## TASK DESCRIPTION
Only the lines from the "The space features" line through the last line of the material below belong in the answer, reproduced exactly and with no pictures.

## COLLECTED MATERIAL
• • • •

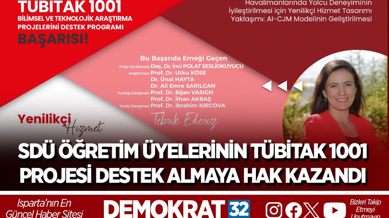 Süleyman Demirel Üniversitesi öğretim üyeleri TÜBİTAK 1001 - Bilimsel ve Teknolojik Araştırma Projelerini Destekleme Programı 2025 yılı 2. Dönem değerlendirmeleri kapsamında destek almaya hak kazandı. Proje yürütücülüğünü Doç. Dr. İnci Polat Sesliokuyucu’nun üstlendiği, “Havalimanlarında Yolcu Deneyiminin İyileştirilmesi için Yenilikçi Hizmet Tasarımı Yaklaşımı: AI-CJM Modelinin Geliştirilmesi” başlıklı proje kapsamında; doğal dil işleme, derin öğrenme ve büyük ölçekli veri analitiği tekniklerini entegre eden yapay zekâ destekli bir müşteri yolculuğu haritalama (AI-CJM) modelinin geliştirilmesi hedefleniyor. Geliştirilecek bu yenilikçi model ile havalimanı hizmet ekosistemindeki temas noktalarının dinamik olarak analiz edilmesi, paydaş bazlı değer yaratımının nicel olarak modellenmesi ve veri temelli deneyim optimizasyonuna yönelik ölçeklenebilir bir karar destek çerçevesinin oluşturulması amaçlanıyor.
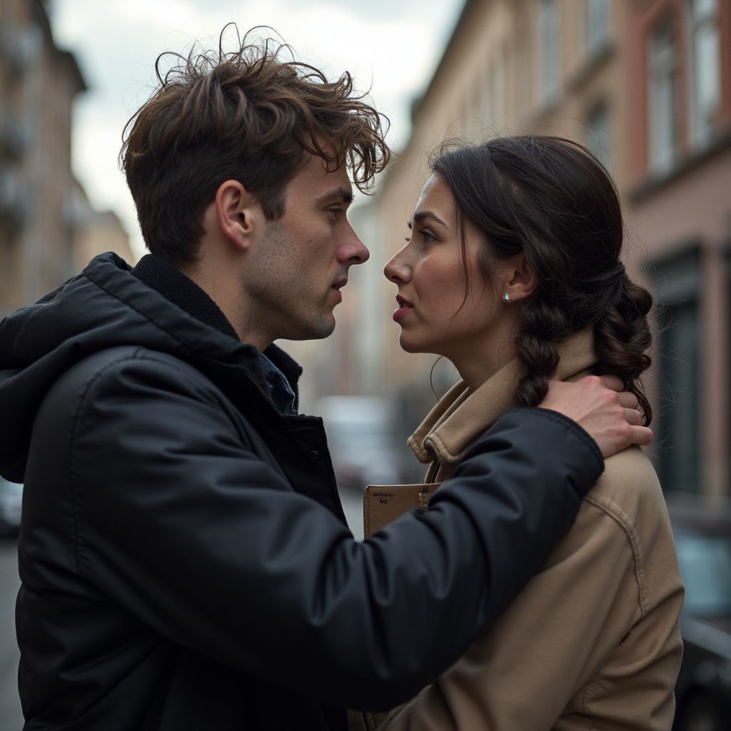 Парень по имени Илья заметил её издали — стройный, с тёмными, слегка взъерошенными волосами и пронзительными зелёными глазами, он выделялся среди шумной толпы. Его джинсы и куртка казались слегка потертыми, но аккуратно подобранными, что мастерски скрывало непростой социальный статус: Илья работал разнорабочим на строительной площадке и мечтал выбраться из постоянной борьбы за выживание. Его острые черты лица выдавали не столько молодость, сколько прожитые испытания. Осанка — ровная, несмотря на усталость, а в глазах — смесь решимости и усталой доброты. Он подошёл ближе, внимательно наблюдая за напряжённой женщиной.
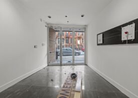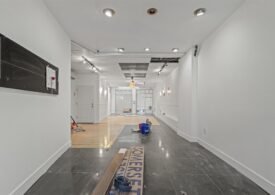 The space features a deep, open layout with high ceilings, recessed lighting, and a clean white-box condition, allowing for flexible customization. The configuration supports a variety of uses including retail, gallery, studio, office, or service-based concepts.
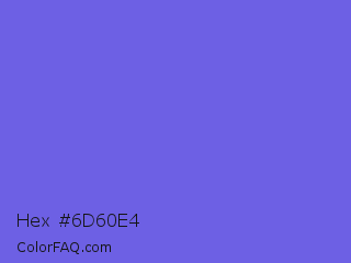 Hex #6d60e4 Color is a light indigo color and the nearest color is Medium Slate Blue #7b68ee. Hex code #6d60e4 and RGB value is rgb(109,96,228). In RGB color space, this color is composed of 43% red, 38% green, 89% blue, In CMYK color space, this color is composed of 52% cyan, 58% magenta, 0% yellow , 11% black , In HSL color space, this color has a hue angle of 246° , 71% saturation and 64% lightness.

• • • •

## REPLY
 The space features a deep, open layout with high ceilings, recessed lighting, and a clean white-box condition, allowing for flexible customization. The configuration supports a variety of uses including retail, gallery, studio, office, or service-based concepts.
 Hex #6d60e4 Color is a light indigo color and the nearest color is Medium Slate Blue #7b68ee. Hex code #6d60e4 and RGB value is rgb(109,96,228). In RGB color space, this color is composed of 43% red, 38% green, 89% blue, In CMYK color space, this color is composed of 52% cyan, 58% magenta, 0% yellow , 11% black , In HSL color space, this color has a hue angle of 246° , 71% saturation and 64% lightness.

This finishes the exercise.